Well, you need to get specific, really look at how requests are handled in the log files, follow a complete conversation from start to finish and see how this is handled. In other words, you need to adopt a more forensic approach.
A conversation is spread across multiple log files, let’s first remind ourselves what AR System looks like:
So the client (usually the browser) communicates with the web server, which in turn communicates with the JSP engine. Mid-Tier communicates via API calls with AR server which in turn communicates via SQL with the database. Here are the logs I feel help the most in logging a complete conversation:
First stop, the access logs. These are the web server logs that record all the requests that are received. You can of course use Fiddler as well, but at this stage I’m more interested in the bigger picture. What sort of requests are received, what answer goes back and crucially (at least in this case) how long do these requests take?
Next, the Mid-Tier logs. Mid-Tier doesn’t log everything at the same level of detail, but what we’re primarily interested in are the backchannel requests, which are logged with enough detail to work with.

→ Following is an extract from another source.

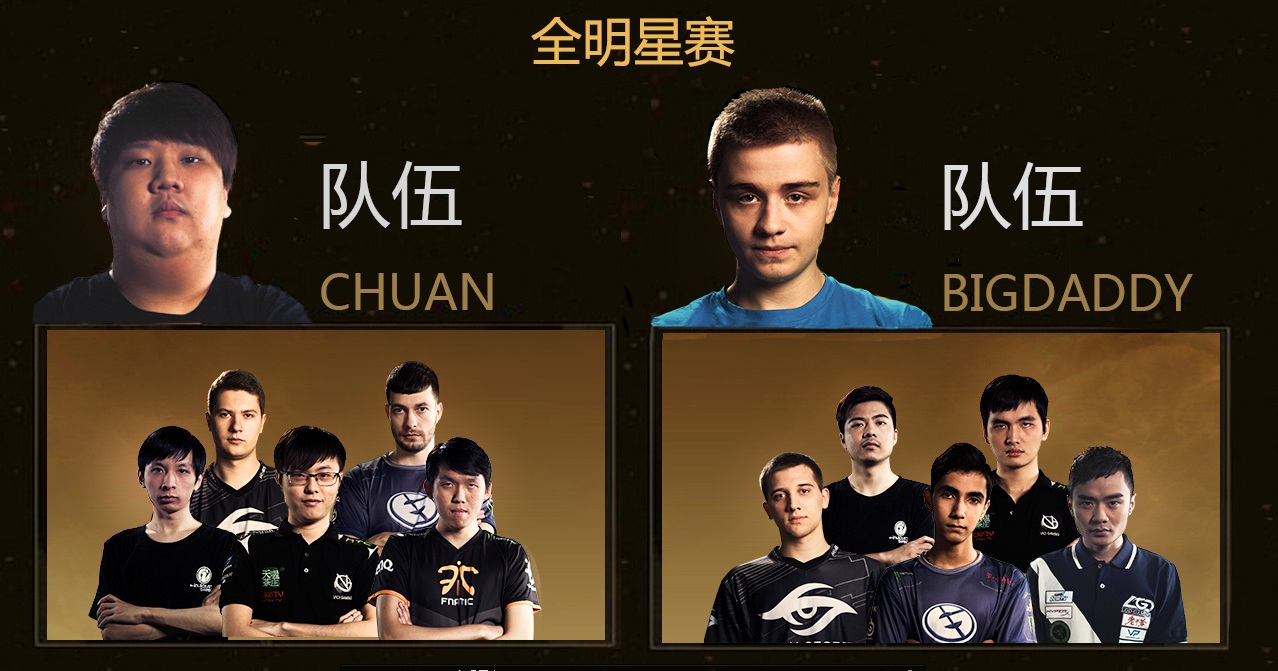 2015国际邀请赛全明星赛名单:ChuaN和Bigdaddy分别任教练,ChuaN神队伍有Mushi、Puppey、Fear、Ferrari430、Hao。Bigdaddy队伍有SumaiL、iceiceice、BurNIng、xiao8、Arteezy。全明星比赛将在8月7日压轴上演,切勿错过他们精彩的表演。

I need to know if they arrive safely on Mid-Tier and what Mid-Tier does with them. I included an API trace as well, more about this later.
From AR server we collect the API/SQL logs, the first part to know what sort of API calls the request results into, and the SQL calls to know what we actually send to the database. I like to use the combined format, with everything in one file it makes for easier reading.
Good, let’s get started. It’s all about following conversations in logs, you need to know where it starts and you need to know how to follow the conversation to the end. But you need employ a more forensic method, what I mean by that you need to prove or disprove something. That might sound a bit theoretical, but let’s have a look.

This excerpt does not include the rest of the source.